/UROPA

Primary LanguagePython

UROPA - Universal RObust Peak Annotator

UROPA (‘Universal RObust Peak Annotator’) is a command line based tool, intended for genomic region annotation. Based on a configuration file, different target features can be prioritized with multiple integrated queries. These can be sensitive for feature type, distance, strand specificity, feature attributes (eg. protein_coding) or the anchor position relative to the feature. UROPA can incorporate reference annotation files (GTF) from different sources, like Gencode, Ensembl, or RefSeq, as well as custom reference files produced by the user.

Features

  • Detect the most appropriate annotation with flexible parameter keys that allow robustness and simple customization, such as

    • feature type
    • feature anchor
    • feature direction relative to peak location
    • filter for attribute values, e.g. “protein_coding”
    • strand specificity
  • Utilization of all available GTF files as annotation database

  • One run with variable sets of parameters by multiple queries

  • Graduated annotation due to priorization

  • Different easily-readable output tables (AllHits, FinalHits, BestperQuery_Hits).

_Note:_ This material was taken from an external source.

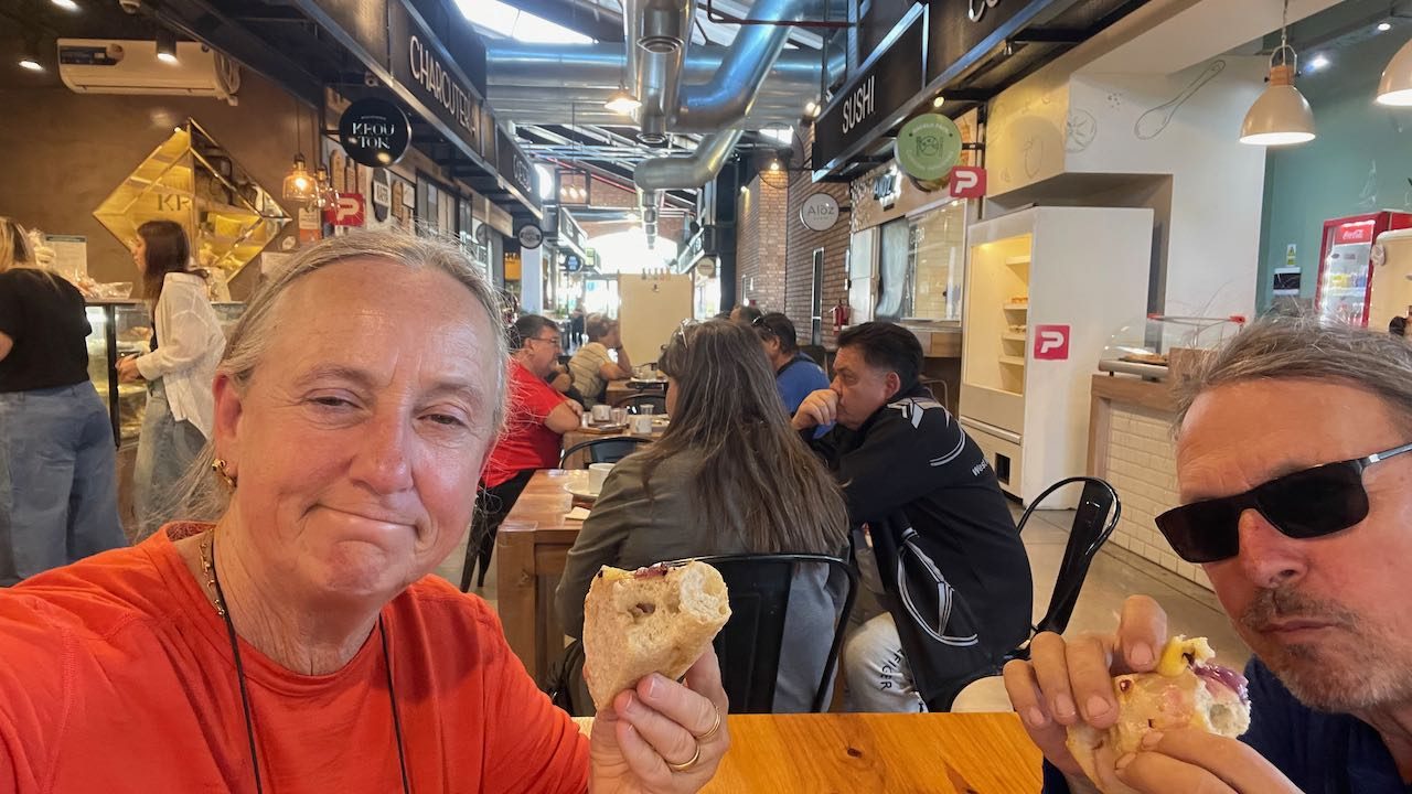 Wir düsen nochmal zum Mercato, frühstücken Zwiebelciabatta und leisten uns ein sündhaft teures Eis.

  • Visual summary for annotation evaluation

  • Preparation of custom annotation files

Documentation

A detailed description of how to apply UROPA to your data can be found here.

Installation and Command-line usage

Make sure all prerequisites are met:

  • R/Rscript (v3.3.0 or higher, follow instructions on url)

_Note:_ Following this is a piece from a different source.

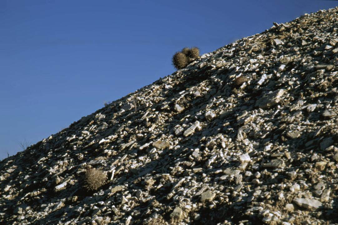 とはいっても、レッドサンドと石膏泥の地層的な境界付近に自生する点は同じ。思い切り干上がったセメント採掘場みたいな場所で、訪ねたのは6月でしたが開花の形跡も成長の様子もありませんでした。硬く縮んでいるせいで、刺がいっそう密生しているように見えます。大株はストレスをうけ、肌が褐変したり刺が退色しているものも多いのですが、それはそれで野性味です。少なくともこの年の春は降雨を見ず、休眠したままだったと思われます。ペディオ・スクレロ産地では往々にしてあることのようで、雨がふらないので3年間休眠、といったことさえあるようです。

  • Python (v2.7.8-anaconda-2.1.0)

    • Choose Anaconda-2.1.0-Linux-x86 or -x86_64,
    • Install with bash Anaconda2-4.2.0-Linux-x86_64.sh,
    • Follow instructions and type 'yes' to prepend Anaconda to PATH in your .bashrc file,
    • or type after installation: $export PATH=/home/<user>/anaconda/bin:$PATH
  • htslib (1.3.2 or higher, follow instructions on url)

    • cd htslib-1.3.2/
    • ./configure
    • make
    • make install or sudo make prefix=/home/<user>/htslib install

Install required packages for R:

install.packages(c("ggplot2", "devtools", "gplots", "gridExtra", "jsonlite", "VennDiagram"))
source("https://bioconductor.org/biocLite.R")
biocLite(c("RBGL","graph"))

# To install the last required package-Vennerable, devtools has to be loaded to use the install from github function
# if you copy this and want to use it in once, 
# make sure the library loading is not interrupted by the question if present packages should be updated

library(devtools)
install_github("jenzopr/Vennerable")

Install UROPA locally by running:

git clone https://github.molgen.mpg.de/loosolab/UROPA.git
export PATH=$PATH:dir/to/uropa/uropa.py 
Usage: uropa.py [options]          

Available options:
	
	- h, --help             print this help message and further details on the configuration file
        - i, --input            filename of configuration file
        - o, --output           directory for results and prefix of the output file name
        - r, --reformat         create an additional compact and line-reduced table as result file
        - s, --summary          filename of additional visualisation of results in graphical format
        - t n, --threads n      multiprocessed run: n = number of threads to run annotation process
        --no-comment            do not show comment lines in output files
        - l, --log              log file name for messages and warnings
        - d, --debug            print verbose messages (for debugging purposes)
        - v, --version          print the version and exit

How to cite

Kondili M, Fust A, Preussner J, Kuenne C and Looso M. UROPA: a tool for Universal RObust Peak Annotation. (in preparation)

Contribute

Support

If you have any questions please feel free to contact Mario Looso (mario.looso@mpi-bn.mpg.de).

License

The project is licensed under the MIT License.